О, зачем бабушка насмешничает над ним? Зачем роняет такие горькие, как полынь за огородом, слова?
– Не-ка, не бухну! Я тот раз дрался с ними! Они прилетели клювать свиные хвосты на заборе, а я их прогнал... Ты, бабка, не знаешь, а говоришь! – бегут в обиде лодочкой губы.
– Дак я чем знала, парень, что ты и без меня задал воронам шороху?! Я бы знала, дак не говрела, а ты же молчишь – и я ничем ничего...
В такие вечера тепло и ладно было в избе, Клавдия Еремеевна на всю долгую ночь накидывала в прожорливую печку трескучих сырых поленьев, аж алел разрезанной свеклой бочок буржуйки. И в животе мальчика, как в печи, было сытно и тепло – тарелку драников со сметаной умял за ужином. Но тоже – сумрачно, лишь в кухне горела жёлтая несильная лампочка, похожая на раскисшую в воде луковицу...
И вот в этой-то качающей занавески тишине, под разговор поленьев в печи и посапывание бабушкиных ноздрей, к мальчику стала приходить мама.
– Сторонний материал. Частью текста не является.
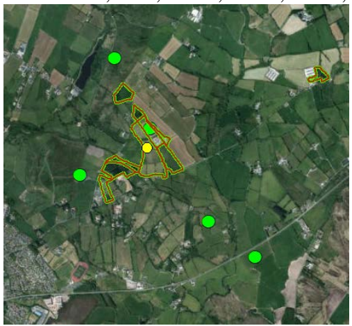
Register of Parks, Gardens & Demesnes >2.7km
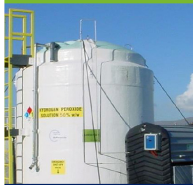
USP-5000 with seismic option
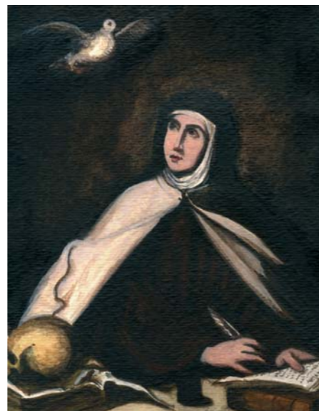
Watercolor inspired by Zurbarán's Saint Teresa of Jesus. A. Dubois.
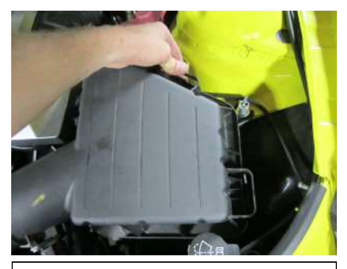
e. Unclip the two tabs retaining the air box lid and remove the lid to expose the stock air filter.
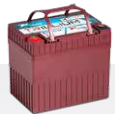
TR 25.6-25 LI-ION

Microprocessor Amp-Hour Life Tracking SOC Gauge Battery Management System Cell Balancing
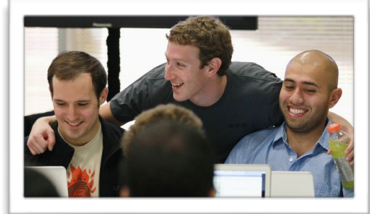
Facebook founder and CEO Mark Zuckerberg with Facebook employees.
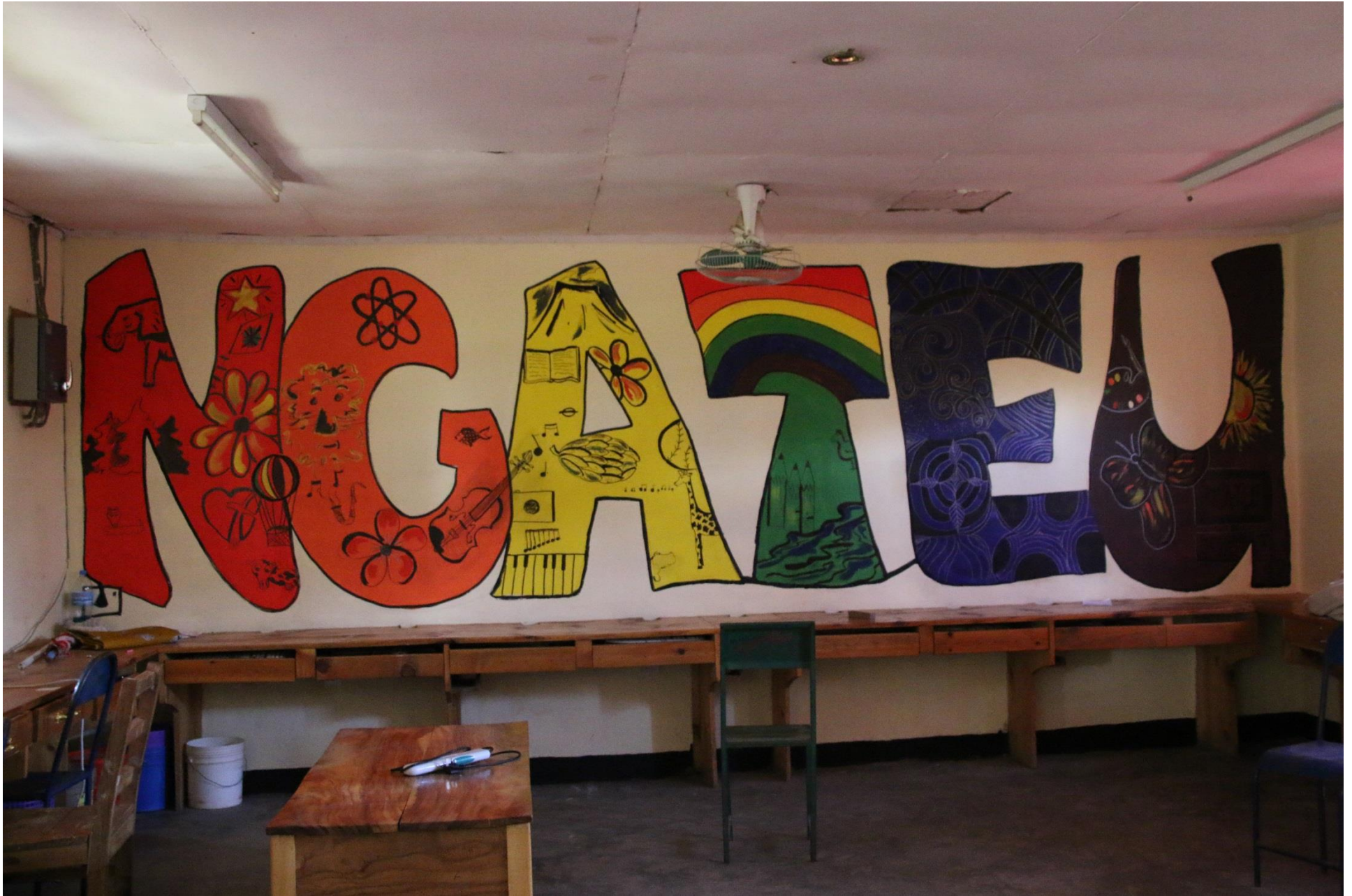
Kwisha - Finished

Она становилась посреди комнаты, там, где отпечатался на жёлтой половице след ночной звезды, – простоволосая и босая, с букетом огненных цветов, опоясанных красной ленточкой, под грудью, в белых тонких руках, в голубом дивном платье, на котором блестели большие и малые пимки, и молча звала его. И он заворожённо тянулся к маме, не боясь обжечься о цветы, вздымался на мокрой постели, а ожившая шуба хохотала и душила его в объятьях пустых рукавов. А в шею ему, не слушая его запечённых горячкой губ, въедался шерстяной шарф. «Мама, приди!» – скулил мальчик, и хныкал, и вертелся на кровати. Но ни мама, чей тонкий лик пламенно светился в цветах, не становилась ближе, ни он не мог коснуться её любимых ласковых милых черт...
– Спи, Тёмка, спи! Спи, голубка... – шептала над ним бабушка, сев на кровать и приняв к себе на колени его вскинутую, растрепавшуюся чёлкой голову, прикладывая к ней целлофановый кулёк с прохладным снегом...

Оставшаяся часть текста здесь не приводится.